• _Problem_: Within the records that follow, restate exactly the lines from the line with "هکتار | ۱-۳ |" down to the line with "Готель Anantara Palazzo", including both. Omit the pictures.

● ● ● ● ● ● ●

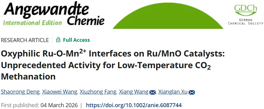 2026年03月04日,南昌大学徐香兰、王翔团队在Angewandte Chemie International Edition期刊发表题为“Oxyphilic Ru-O-Mn2+ Interfaces on Ru/MnO Catalysts: Unprecedented Activity for Low-Temperature CO2 Methanation”的研究论文,团队成员Deng Shaorong为论文第一作者,徐香兰、王翔为论文共同通讯作者。
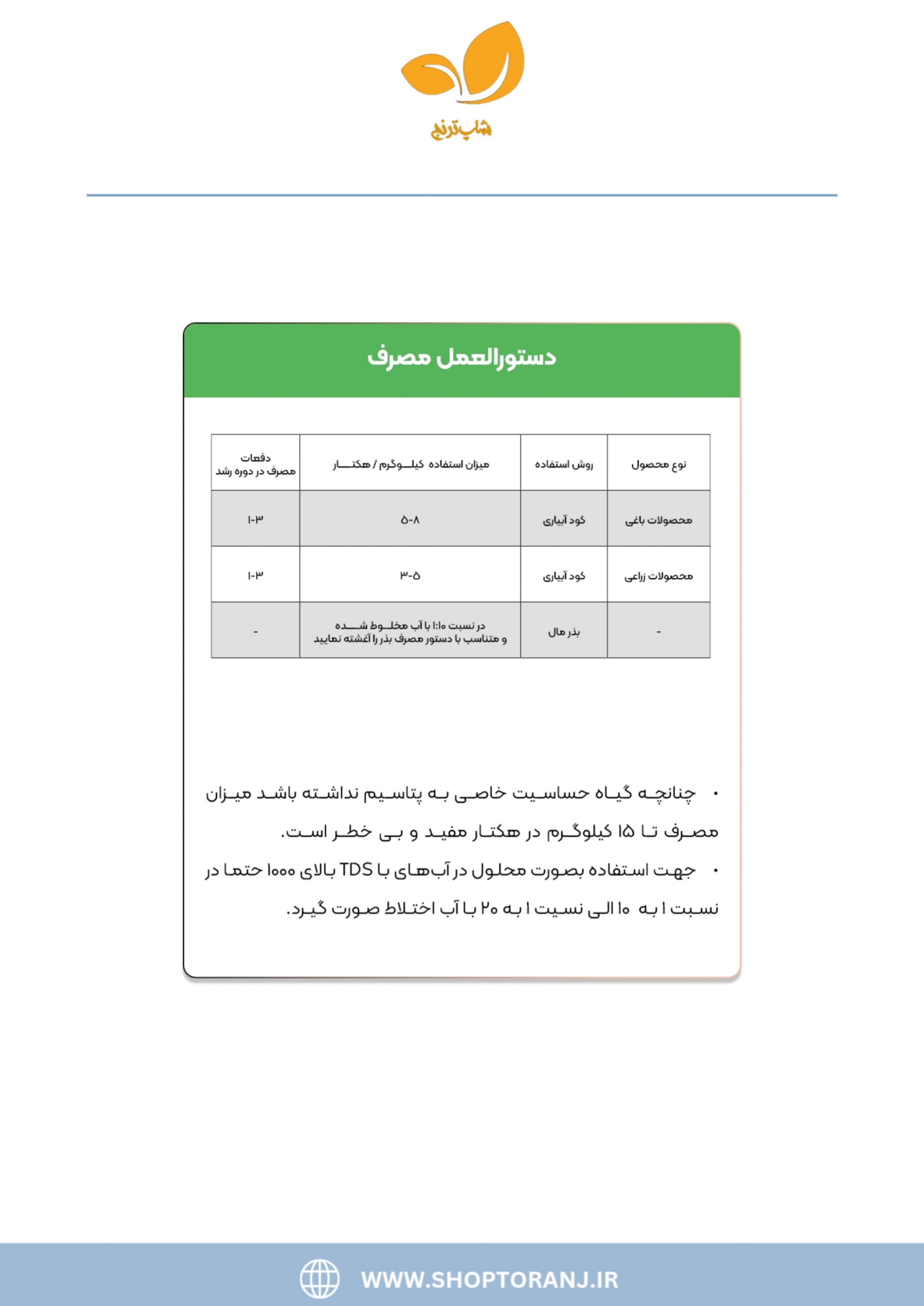 | محصولات باغی | کود آبیاری | ۵-۸ کیلوگرم در هکتار | ۱-۳ |
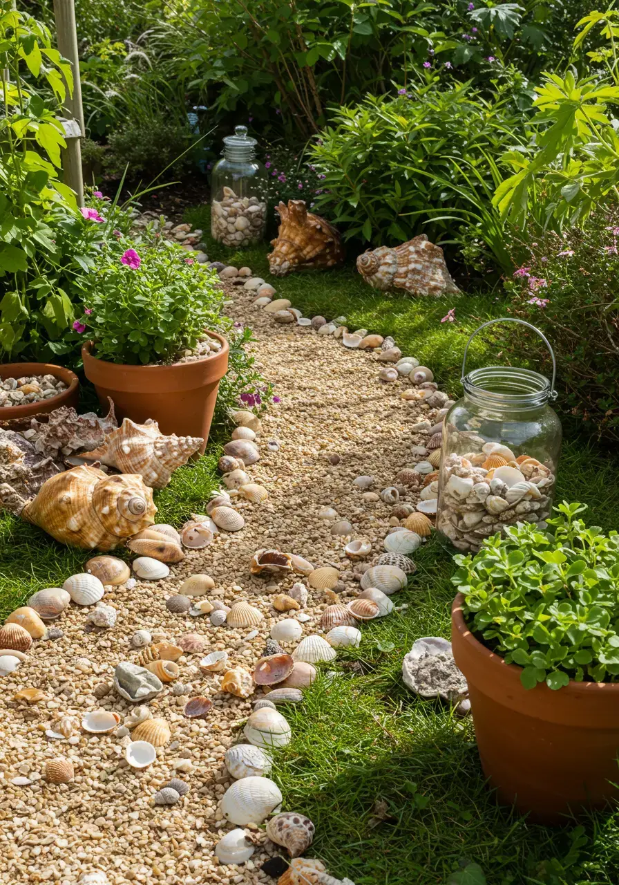 Adding seashells to your garden is such a simple yet effective way to bring in that beachy feel. I love how they catch the light and add little pops of pearly color. It feels a bit like scattering jewels in your green space.
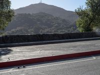 a person skateboards down the street with a mountain in the background at dawn and late afternoon
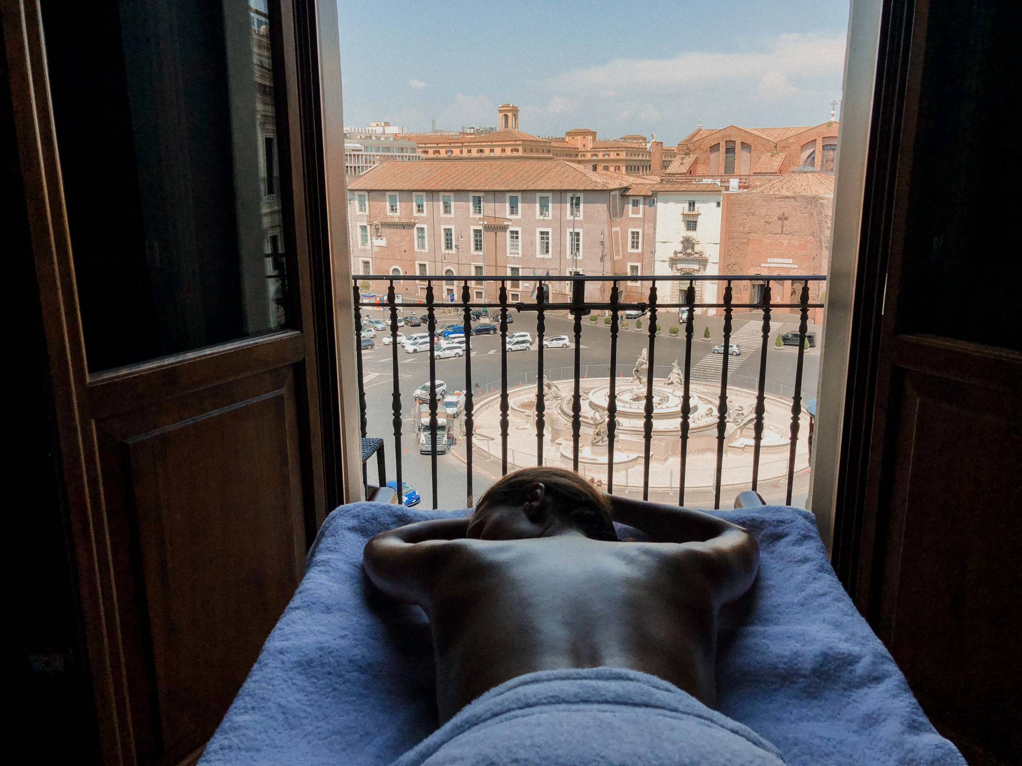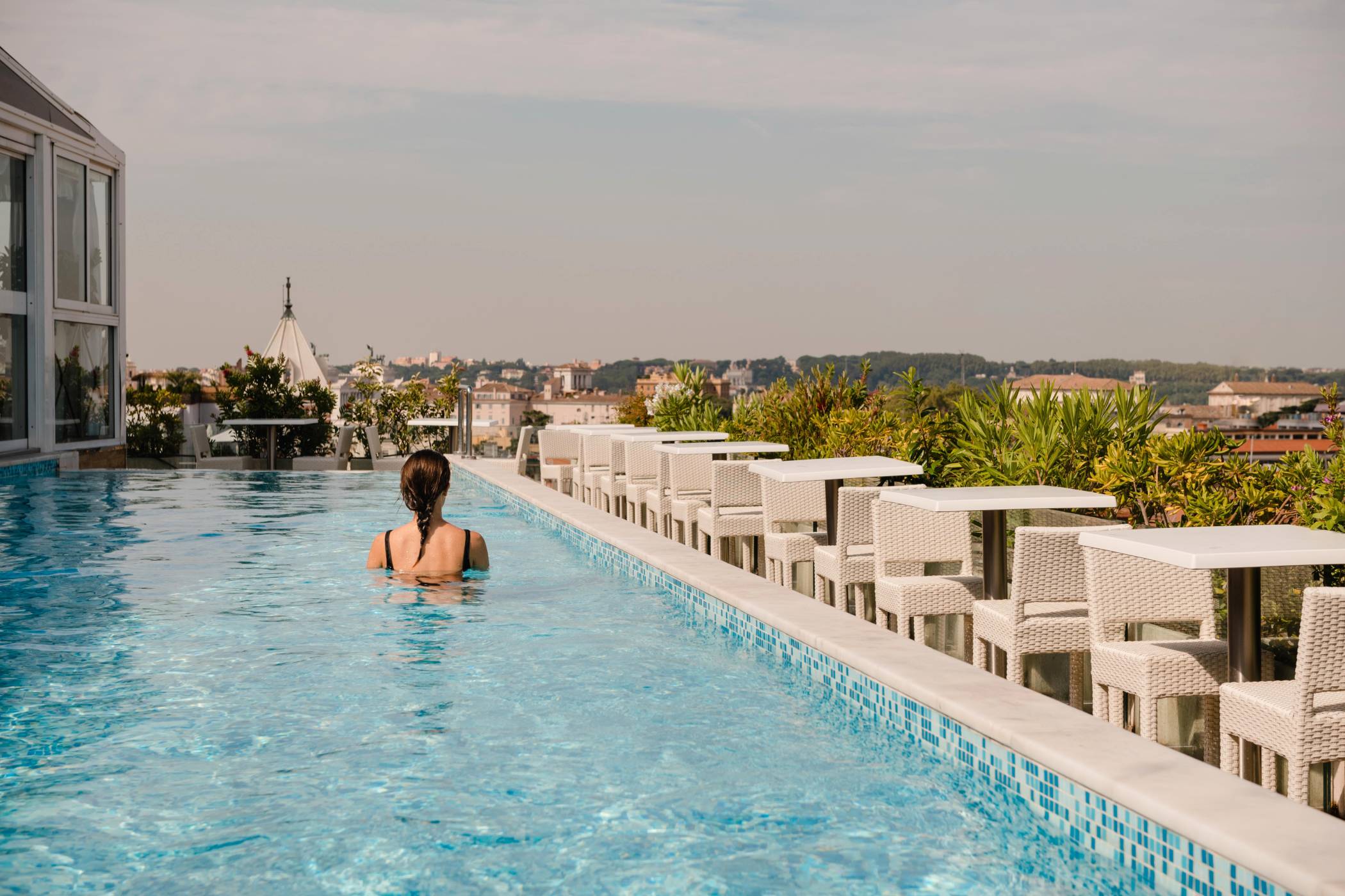 Готель Anantara Palazzo Naiadi Rome Hotel був збудований в 1887 році архітектором Гаетано Кохом. Будівля виконана у непорушному неокласичному стилі, про що свідчать романські арки в нижній частині фасаду, пілястри, скульптури та балясини. При вході гостей зустрічає просторий вестибюль з високими стелями, стильним декором і мармуровим оздобленням. А спустившись униз, у підвальне приміщення, час ніби втрачає свою силу і переносить відвідувачів в епоху стародавнього Риму, відкриваючи погляду унікальні мозаїки та фундамент знаменитих Термів Діоклетіана. На даху готелю розташований басейн і тераса, з якої відкривається чудовий краєвид на місто.
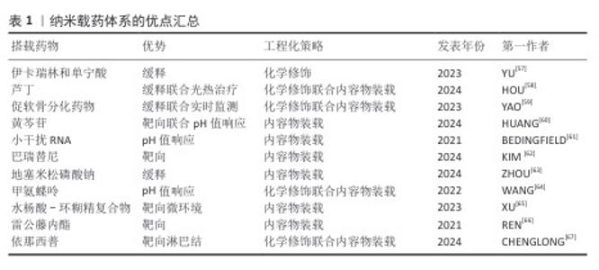 2.4.3 纳米载药体系 如表1所示,新型的纳米载药体系同时兼具多种优点,例如增加药物递送的准确性、提高药物的稳定性、可控释放药物和降低生物毒性作用。YU等[57]将伊卡瑞林与单宁酸共同锚定于纳米颗粒表面,实现对骨关节炎的协同治疗,体外实验表明该体系可显著抑制基质金属蛋白酶3和环氧化酶2等促炎因子表达;体内实验进一步证实该材料有效缓解了大鼠模型的软骨退化与关节结构破坏。水凝胶用于药物的搭载释放一直是人们关注的研究方向,它通过调控药物物理状态或载体结构实现药物的长效释放,满足关节内治疗对持续药效的需求。HOU等[58]由此开发了一种独特且创新的治疗平台,这种载药体系通过将药物芦丁掺入黑磷纳米片中,再整合到透明质酸和聚乙烯醇基质中以形成纳米载药水凝胶,利用光热转换效应实现了近红外照射下的光热疗法,并与抗炎药物实现了协同治疗。这样的组合方式显著增强了原有药物的治疗效果,而且可以借助外源动力实现协同治疗。YAO等[59]通过点击化学将聚乙二醇、促软骨分化药物Kartogenin、润滑剂氢化大豆磷脂酰胆碱及荧光素结合于载药平台,构建了兼具荧光可视化、润滑与药物缓释功能的多功能载药体系,再利用微流控技术将其封装于透明质酸甲基丙烯酸酯水凝胶微球中,借助荧光信号可以实时监测软骨修复进程。同时,具备靶向性的纳米载药体系取得很大的研究进展,通过材料修饰或机制设计实现对病变部位的精准识别与药物释放,增强局部疗效的同时还减少了全身不良反应。HUANG等[60]利用叶酸特异性结合骨关节炎中M1型巨噬细胞表面过表达的叶酸受体β,将中药黄芩苷负载于金属有机框架合成纳米载药体系,借助独特的高孔隙率和pH值响应性在关节酸性环境中缓释药物,同时通过清除活性氧和调控巨噬细胞向M2方向极化缓解滑膜炎症与软骨退化,显著降低关节活性氧水平并改善软骨结构。 基于炎症条件下相关酶的表达差异,研究者开发了多种靶向递药策略以实现精准治疗。BEDINGFIELD等[61]制备了聚乳酸-羟基乙酸共聚物微米板靶向基质金属蛋白酶13,通过封装的小干扰RNA于pH值响应性纳米颗粒实现了靶向释放小干扰RNA,从而减少软骨降解与滑膜增生。除了酶靶向策略以外,特定的炎性微环境靶向也成为新的研究热点。有研究利用钙依赖膜修复机制实现了非侵入性细胞内靶向递送,利用光穿孔技术结合上转换纳米颗粒与金纳米颗粒,利用上转换纳米颗粒将近红外光转换为可见光激活金纳米颗粒等离子共振效应,在骨关节炎模型中靶向胞内高效递送巴瑞替尼,促进了软骨细胞分化及细胞外基质的表达[62]。纳米载药平台的加入弥补了治疗药物水溶性有限、半衰期短和生物利用度低等不足,这样的策略在纳米复合型材料的研究中具有深远的指导意义。 对于具体的机制通路研究中,ZHOU等[63]开发了一种抗炎超分子纳米纤维水凝胶(HAS2@DexP-Gel),通过负载编码透明质酸合成酶2的慢病毒和地塞米松磷酸钠将基因治疗与抗炎药物结合,该缓释系统显著延长了药物与病毒的作用时间,通过单细胞RNA测序证实该体系可调节滑膜成纤维细胞亚群比例、促进M2型巨噬细胞极化,并抑制磷脂酰肌醇3-激酶等信号通路,从而改善滑膜炎症微环境。WANG等[64]将甲氨蝶呤负载于乙酰化葡聚糖分子中构建了具有靶向性和pH值响应性的纳米药物系统,不仅降低了甲氨蝶呤的全身毒性,还增强其治疗效能,该体系可在炎症部位富集并释放药物,通过调节激酶信号传导与激活转录蛋白通路延缓骨关节炎的进展。在与中医学领域的结合研究中,XU等[65]创新性地将传统针灸与纳米递送结合,在针灸针表面修饰甲基水杨酸-环糊精复合物,靶向骨关节炎局部微环境,通过调节高迁移蛋白1表达的信号通路和抑制鸟苷三磷酸水解酶活性有效缓解疼痛并延缓软骨退化,验证了纳米药物和针灸协同治疗的潜力。REN等[66]构建了可靶向递送抗炎药并模拟针灸缓解疼痛的穴位给药系统,由雷公藤内酯、环戊基腺苷和人血清白蛋白纳米颗粒组成,相关实验结果表明此体系可特异性增强穴位镇痛效果,还可以调节炎症因子、恢复T细胞免疫的平衡,拥有更好的治疗效果和更低的药物毒性。此外,CHENGLONG等[67]利用依那西普竞争性抑制肿瘤坏死因子α与受体的结合,在炎症关键部位激发免疫调节反应,为关节炎治疗提供了新策略。随着纳米载药体系研究的深入,它在骨关节炎治疗上的应用价值正从单一药物递送平台向多功能治疗系统升级,从靶向递送、智能响应、协同治疗等多维度展开,既体现研究深度又衔接临床转化。 "
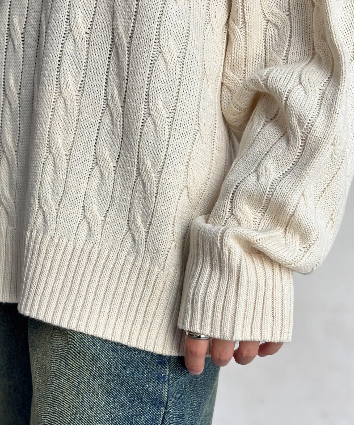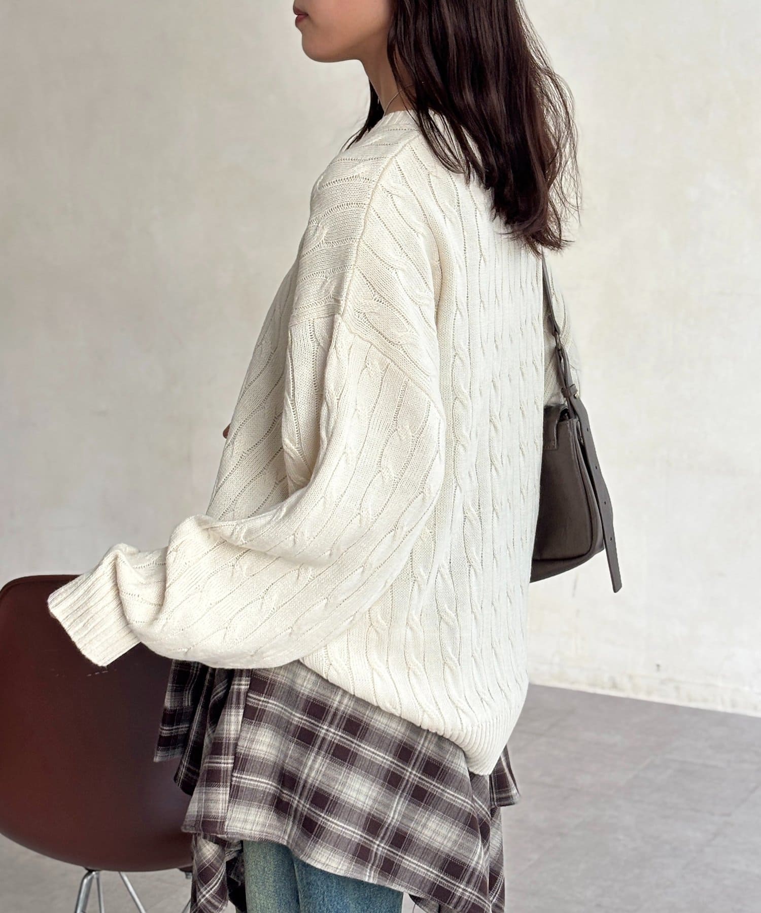 ・存在感のあるケーブル編みで、シンプルながらも表情豊かな印象に

● ● ● ● ● ● ●

• _Task output_:
 | محصولات باغی | کود آبیاری | ۵-۸ کیلوگرم در هکتار | ۱-۳ |
 Adding seashells to your garden is such a simple yet effective way to bring in that beachy feel. I love how they catch the light and add little pops of pearly color. It feels a bit like scattering jewels in your green space.
 a person skateboards down the street with a mountain in the background at dawn and late afternoon
 Готель Anantara Palazzo Naiadi Rome Hotel був збудований в 1887 році архітектором Гаетано Кохом. Будівля виконана у непорушному неокласичному стилі, про що свідчать романські арки в нижній частині фасаду, пілястри, скульптури та балясини. При вході гостей зустрічає просторий вестибюль з високими стелями, стильним декором і мармуровим оздобленням. А спустившись униз, у підвальне приміщення, час ніби втрачає свою силу і переносить відвідувачів в епоху стародавнього Риму, відкриваючи погляду унікальні мозаїки та фундамент знаменитих Термів Діоклетіана. На даху готелю розташований басейн і тераса, з якої відкривається чудовий краєвид на місто.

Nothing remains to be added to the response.